» Problem requirements
No pictures should appear in the copy; otherwise retype the entries exactly.

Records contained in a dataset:
▽

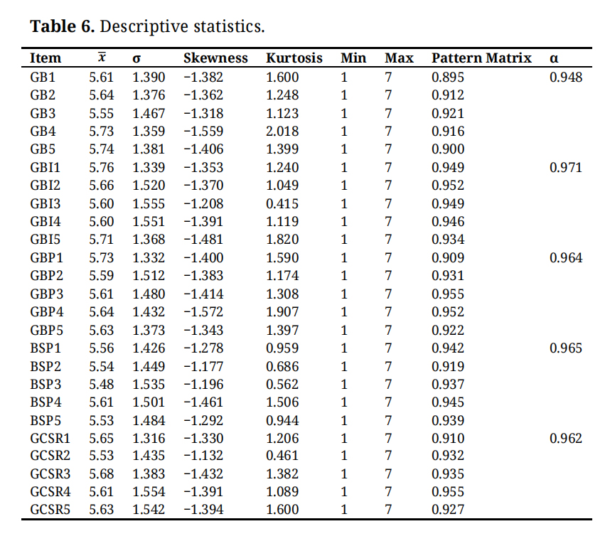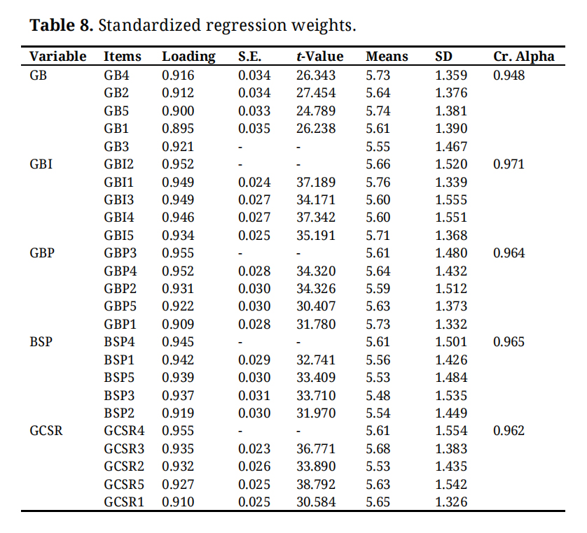 Table 8 presents the standardized regression weights and related statistics for various constructs involved in the study, such as GB, GBI, GCSR, GBP, and BSP. Each construct is measured through multiple items or indicators, with details provided on their factor loadings, standard errors, t-values, means, standard deviations, and internal consistency (Cronbach’s alpha). High factor loadings and t-values (generally above 1.96) indicate that the items reliably and significantly represent their respective constructs. For instance, the items related to GB show very high loadings and t-values, demonstrating they are strong indicators of that construct. The Cronbach’s alpha values are mostly above 0.9, reflecting excellent internal consistency and reliability of the measures. Overall, the table indicates that the measurement model is robust, with well-fitting items that reliably capture the underlying variables, ensuring confidence in the subsequent analysis of relationships among these constructs.
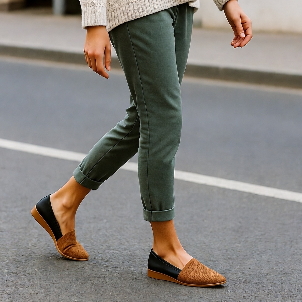 Cigarette shoes and slimness are no longer the norm. Sneakers, relaxed and flats are generally accepted. Comfort has become stylish.
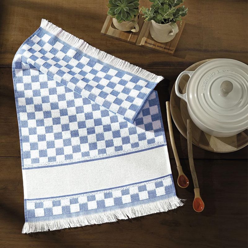 El Repasador Felpudo Döhler Para Bordar Línea Verona, de 41x60 cm, combina azul y blanco, ideal para bordar. 100% algodón, suave y absorbente, perfecto para la cocina. Calidad y estilo en un solo producto.
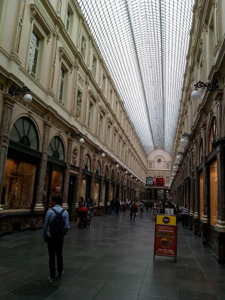 グランプラスの近くにあるヨーロッパ最古のアーケードと言われるだけあって、天井は高くとても美しいアーケードでした。カフェや老舗のチョコレート屋さんが入っていて、どこに入ろうか行きつ戻りつするのも楽しい時間でした。
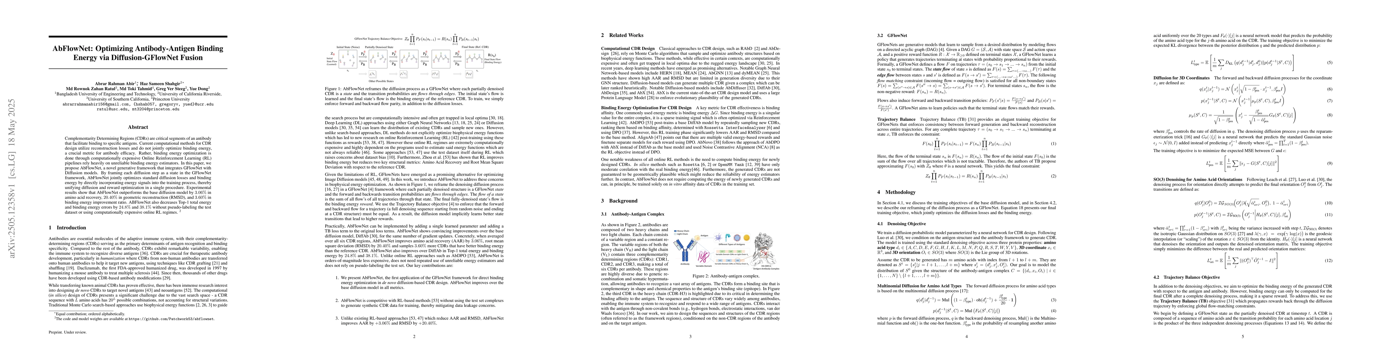 AbFlowNet optimizes antibody-antigen binding energy through a novel fusion of GFlowNet and Diffusion models, improving amino acid recovery, geometric reconstruction, and binding energy by 3.06%, 20.40%, and 3.60% respectively.
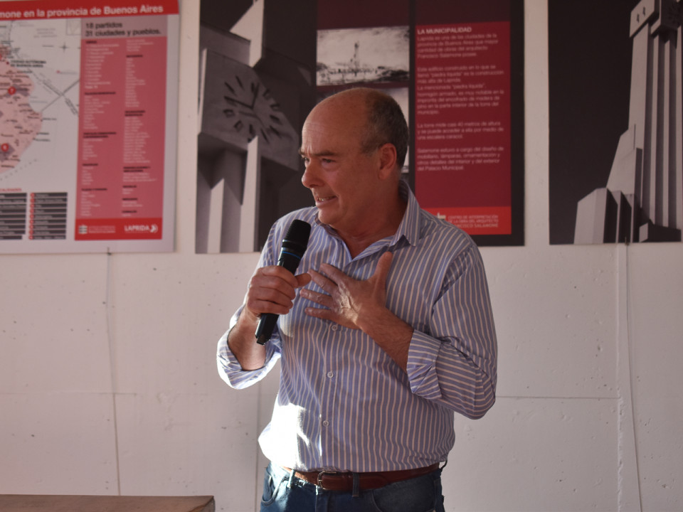 Luego, fue el turno de a Natalia Saizar, coordinadora del Centro de Interpretación, quien realizó un breve repaso por todas las obras patrimoniales que construyó este reconocido arquitecto en Laprida.
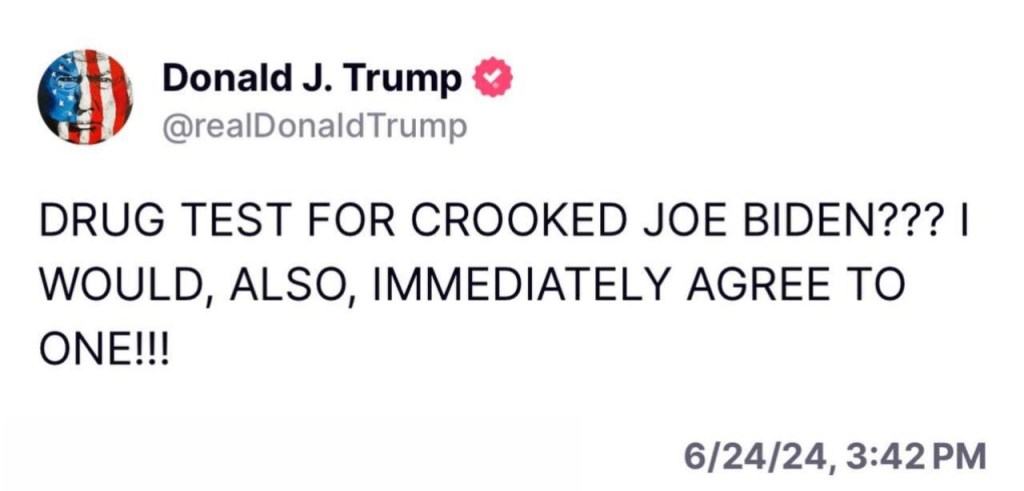 DRUG TEST FOR CROOKED JOE BIDEN??? I WOULD, ALSO, IMMEDIATELY AGREE TO ONE!!!
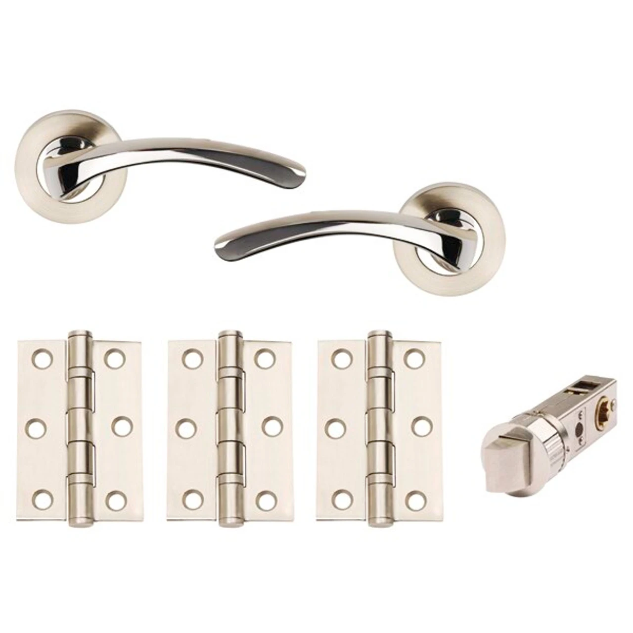 The Arc Box Pack includes a designer lever with a satin nickel plated and polished chrome plated finish and is on a round rose. The pack includes a 63mm mortice latch and 3 x 75mm ball bearing hinges. The multi-point fixing holes allow the mortice latch to be avoided during installation, whilst the split spindle ensures that the handle is fitted securely to the door.
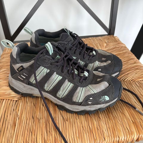The North Face fottursko i størrelse 41, designet for fottur. Skoene har en slitesterk konstruksjon med solid såle for godt grep på variert terreng. Fargene inkluderer svart med turkise detaljer.

△

» Task result
 Table 8 presents the standardized regression weights and related statistics for various constructs involved in the study, such as GB, GBI, GCSR, GBP, and BSP. Each construct is measured through multiple items or indicators, with details provided on their factor loadings, standard errors, t-values, means, standard deviations, and internal consistency (Cronbach’s alpha). High factor loadings and t-values (generally above 1.96) indicate that the items reliably and significantly represent their respective constructs. For instance, the items related to GB show very high loadings and t-values, demonstrating they are strong indicators of that construct. The Cronbach’s alpha values are mostly above 0.9, reflecting excellent internal consistency and reliability of the measures. Overall, the table indicates that the measurement model is robust, with well-fitting items that reliably capture the underlying variables, ensuring confidence in the subsequent analysis of relationships among these constructs.
 Cigarette shoes and slimness are no longer the norm. Sneakers, relaxed and flats are generally accepted. Comfort has become stylish.
 El Repasador Felpudo Döhler Para Bordar Línea Verona, de 41x60 cm, combina azul y blanco, ideal para bordar. 100% algodón, suave y absorbente, perfecto para la cocina. Calidad y estilo en un solo producto.
 グランプラスの近くにあるヨーロッパ最古のアーケードと言われるだけあって、天井は高くとても美しいアーケードでした。カフェや老舗のチョコレート屋さんが入っていて、どこに入ろうか行きつ戻りつするのも楽しい時間でした。
 AbFlowNet optimizes antibody-antigen binding energy through a novel fusion of GFlowNet and Diffusion models, improving amino acid recovery, geometric reconstruction, and binding energy by 3.06%, 20.40%, and 3.60% respectively.
 Luego, fue el turno de a Natalia Saizar, coordinadora del Centro de Interpretación, quien realizó un breve repaso por todas las obras patrimoniales que construyó este reconocido arquitecto en Laprida.
 DRUG TEST FOR CROOKED JOE BIDEN??? I WOULD, ALSO, IMMEDIATELY AGREE TO ONE!!!
 The Arc Box Pack includes a designer lever with a satin nickel plated and polished chrome plated finish and is on a round rose. The pack includes a 63mm mortice latch and 3 x 75mm ball bearing hinges. The multi-point fixing holes allow the mortice latch to be avoided during installation, whilst the split spindle ensures that the handle is fitted securely to the door.
The North Face fottursko i størrelse 41, designet for fottur. Skoene har en slitesterk konstruksjon med solid såle for godt grep på variert terreng. Fargene inkluderer svart med turkise detaljer.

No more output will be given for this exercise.